Objective: Repair of large bone defects caused by trauma, disease or congenital defects remain clinically challenging. Autologous bone transplantation, the current gold standard, can have drawbacks such as long-term post operative pain at the donor tissue site and hip instability, also the amount of bone which can be harvested is limited, especially in young children. Therefore there is a need for a new technology to provide bone tissue for transplantation. Tissue-engineered hypertrophic cartilage grafts have potential to address this demand as, unlike bone grafts, they can withstand lower oxygen levels and contain factors to induce angiogenesis and osteogenesis in vivo. The objective of this research was to investigate the potential of nasal septal cartilage to produce a hypertrophic cartilage graft for use in bone repair. 
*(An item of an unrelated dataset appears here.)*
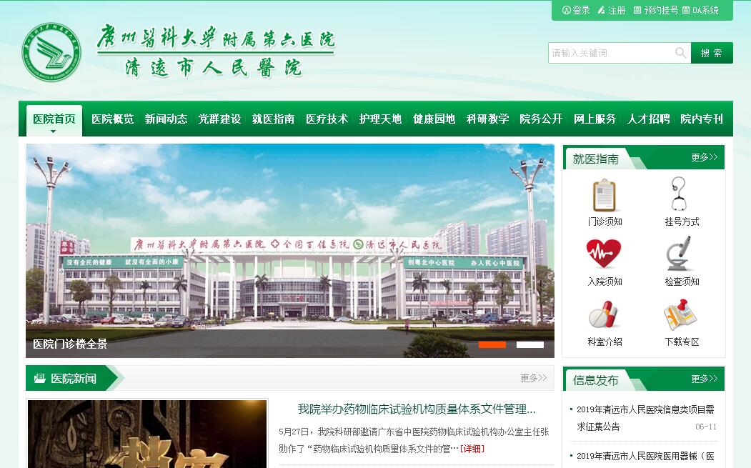 清遠(yuǎn)市人民醫(yī)院,又名廣州醫(yī)科大學(xué)附屬第六醫(yī)院、廣州醫(yī)科大學(xué)第六臨床學(xué)院,始建于1939年,國家首批三級甲等醫(yī)院,全國百佳醫(yī)院,廣東省博士后創(chuàng)新實(shí)踐基地,國家住院醫(yī)師規(guī)范化培訓(xùn)基地,承擔(dān)了涵蓋本科、碩士、博士、博士后、醫(yī)師規(guī)培等完整的大學(xué)醫(yī)學(xué)教育和畢業(yè)后培訓(xùn)任務(wù)。上個世紀(jì)90年代,因創(chuàng)立“優(yōu)質(zhì)高效低耗”醫(yī)院管理模式而成為當(dāng)時全國醫(yī)院改革的一面旗幟。榮獲“全國文明單位”、“全國先進(jìn)基層黨組織”、“全國衛(wèi)生系統(tǒng)先進(jìn)集體”、“全國創(chuàng)建文明行業(yè)先進(jìn)單位”等省級以上榮譽(yù)30余個。2017年通過三級甲等醫(yī)院復(fù)審。醫(yī)院總建筑面積22.3萬平方米,其中新院區(qū)建筑面積15.6萬平方米,占地面積16.5萬平方米。醫(yī)院編制床位數(shù)2560張,實(shí)際開放床位1780張,共設(shè)臨床科室、醫(yī)技科室52個,設(shè)立臨床技能培訓(xùn)中心、臨床生物標(biāo)本庫、臨床藥物一期試驗(yàn)病房、分子診斷中心、基礎(chǔ)實(shí)驗(yàn)研究室、實(shí)驗(yàn)動物房等科教平臺。現(xiàn)有在崗員工2872人,其中高級職稱292人,醫(yī)學(xué)博士57人,博士導(dǎo)師15人,碩士導(dǎo)師31人,享受國務(wù)院政府特殊津貼專家2人,瀟湘學(xué)者2人,嶺南名醫(yī)7人,省杰出青年醫(yī)學(xué)人才7人,清遠(yuǎn)市緊缺適用高層次人才106人,擔(dān)任省級及以上專業(yè)委員會學(xué)術(shù)職務(wù)共268人?,F(xiàn)有中國醫(yī)師協(xié)會心臟病診療基地、衛(wèi)生部腦卒中篩查與防治基地、中國胸痛中心醫(yī)院三個國家級診療基地,擁有婦產(chǎn)科、產(chǎn)科、普通外科、消化內(nèi)科、感染科、耳鼻喉科、眼科、口腔科、腎內(nèi)科、麻醉科、病理科、臨床護(hù)理12個省級臨床重點(diǎn)???,22個清遠(yuǎn)市重點(diǎn)學(xué)科。擁有瑞典林雪平大學(xué)尿控動力學(xué)實(shí)驗(yàn)室、美國邁阿密大學(xué)米勒醫(yī)學(xué)院、中國醫(yī)藥大學(xué)附設(shè)醫(yī)院(臺灣)、廣州醫(yī)科大學(xué)基礎(chǔ)醫(yī)學(xué)院、廣州醫(yī)科大學(xué)神經(jīng)科學(xué)清遠(yuǎn)工作站、廣州呼吸疾病研究所清遠(yuǎn)工作站、廣州婦產(chǎn)科研究所清遠(yuǎn)工作站、廣州醫(yī)科大學(xué)研究生創(chuàng)新培養(yǎng)基地、暨南大學(xué)研究生培養(yǎng)基地、徐州醫(yī)學(xué)院研究生培養(yǎng)基地、廣東省創(chuàng)傷救治科研中心清遠(yuǎn)創(chuàng)傷基地、暨南大學(xué)轉(zhuǎn)化醫(yī)學(xué)研究院等12個大學(xué)合作平臺?,F(xiàn)有固定資產(chǎn)總值14.14億元,擁有PET-CT、320排CT、3.0T核磁共振、DSA、直線加速器等先進(jìn)醫(yī)療設(shè)備3000余臺。2017年,門急診量180.23萬人次;出院人數(shù)8.44萬人次;手術(shù)量5.98萬臺次;CD型病例占比52.18%;三四級手術(shù)占比48.66%?!?017年中國地級城市醫(yī)院競爭力榜單”醫(yī)院排名第55,2016、2017年廣東省公立醫(yī)院績效評價(jià)連續(xù)排名全省第二。醫(yī)院始終堅(jiān)持“以人民健康為中心,一切為了人民健康”的辦院宗旨,按照“全面融入廣州,加強(qiáng)學(xué)科建設(shè);改善就醫(yī)服務(wù),提升就醫(yī)體驗(yàn);加強(qiáng)醫(yī)院管理,提質(zhì)降耗增效;真心幫扶基層,提升基層能力”的發(fā)展思路,全力打造“粵北醫(yī)學(xué)中心,人民心中醫(yī)院”。本著“盡我所能,為身心受到折磨的患者提供關(guān)愛和幫助”的行為準(zhǔn)則,著力建設(shè)一所有良知有溫度有愛心、行業(yè)認(rèn)可、百姓滿意、員工自豪的粵北醫(yī)學(xué)中心。醫(yī)院實(shí)施便民惠民運(yùn)營戰(zhàn)略。即:在保障安全、質(zhì)量和提供優(yōu)質(zhì)、便捷服務(wù)的前提下,合理控制患者醫(yī)療費(fèi)用,同時設(shè)法降低醫(yī)院運(yùn)營成本,提高運(yùn)營效果。患者就醫(yī)成本得到有效控制,2017年,全院藥品占比27.82%,住院患者人均費(fèi)用10,746元,為全省同級醫(yī)院的70%左右,為廣州市同級醫(yī)院的50%左右, 出院病人平均住院床日為7.44天,門診“三長一短”現(xiàn)象已基本消失。2017年人力成本占支出比為37.63%,醫(yī)院運(yùn)營成本控制在合理區(qū)間。大力弘揚(yáng)仁愛精神。2010年5月啟動“天使醫(yī)療行動”,對患先心病等大病的貧困患者實(shí)施專項(xiàng)救助,已累計(jì)籌集資金2000多萬元,救助了2,165名貧困患者,資助金額達(dá)2,155萬元。自2005年派出第一批駐院醫(yī)療隊(duì)至今,共派出15批100多名醫(yī)療骨干,奔赴“三連一陽”地區(qū)進(jìn)行幫扶,幫助基層醫(yī)院提高醫(yī)療服務(wù)能力和管理水平。2014年1月醫(yī)院托管佛岡縣醫(yī)院集團(tuán),2014年11月托管連山壯族瑤族自治縣人民醫(yī)院,建立了以我院為中心的清遠(yuǎn)市遠(yuǎn)程心電、影像、病理診斷中心,成為省內(nèi)、乃至國內(nèi)醫(yī)聯(lián)體建設(shè)的典范。醫(yī)院對危急重癥病人開辟綠色通道,使急性心梗、急性腦卒中等病種的大批危急重癥患者得到了快速有效救治。2017年起醫(yī)院全面推行“先診療后付費(fèi)”服務(wù)模式,成為我省最早實(shí)行此模式的地市級醫(yī)院之一。醫(yī)院

Method: Chondrocytes were isolated from the nasal septa of 6 week-old Wistar rats. The cell number was expanded by monolayer culture and then the chondrocytes were seeded on to polyglycolic acid (PGA) scaffolds and cultured for 42 days in hypertrophic differentiation media. The differentiation state of the tissue was followed by measuring gene expression during the culture period using quantitative polymerase chain reaction (qPCR). Histological and immunohistochemical techniques were also used to assess the extent of hypertrophic differentiation.

Result: Differentiated hypertrophic cartilage tissues were produced during the culture period. These contained typical, morphologically large cells and expressed both collagen type X and alkaline phosphatase (markers of hypertrophic chondrocytes). Gene expression studies showed that with increasing time in culture a decrease in markers of hyaline chondrocyte phenotype was seen, with a related increase in hypertrophic chondrocyte gene expression.

Conclusion: Chondrocytes isolated from the nasal septum are an attractive source for cartilage cells which can be used to form a hypertrophic cartilage tissue in the laboratory, which has potential for implantation in vivo for bone defect repair.